In order to ask them at the appropriate time, we gathered a group of journal chief editors to help us ask this question when authors are most interested in answering the question during the process of publication. We created many things to help them identify these things such as a database that stores information for 5 of the most common species used in experiments, antibody catalogs from over 200 vendors, and a database and tool catalog that contains over 3000 software tools and over 2500 academic databases, the largest of its' kind.

We have been granted 3 months to determine if authors would actually do this. It has been two months, we fielded requests from about 30 users who could not find their resources, there have been more than 40 new software tools or databases registered to our tools registry, and more than 100 antibodies, but we kept waiting for RRIDs to show up in the literature.

Today our wait is over thanks to two papers, Khalil and Levitt in the Journal of Comparative Neurology and Joshi et al in PeerJ.

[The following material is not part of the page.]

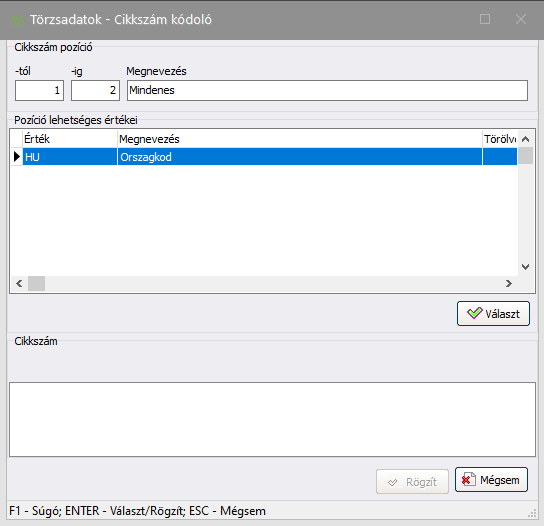 A Törzsadatok -> Cikkszámok ablak bal oldali részén válasszon ki egy cikkszám pozíció megnevezését.

These authors apparently were able to correctly identify resources such as Matlab, NeuroLucida, ProteinDataBank and antibodies including anti-cholera toxin antibody from List Bio.

What does this tell us?

Well to start that this process is not impossible! That identifiers do exist for many things or the process of obtaining new ones is not so difficult that people can't do this. It also tells us that when asked at the right time, authors are willing to go the extra step, find and provide identifiers to their reagents or software tools!

Great, but why do I care about a single paper that uses an antibody or Matlab?

Well, it turns out that for many years JCN and NIF staff have been working diligently to link papers through that same identifier so in the case of this cholera toxin antibody we have marked 23 other papers that have used it since 2006.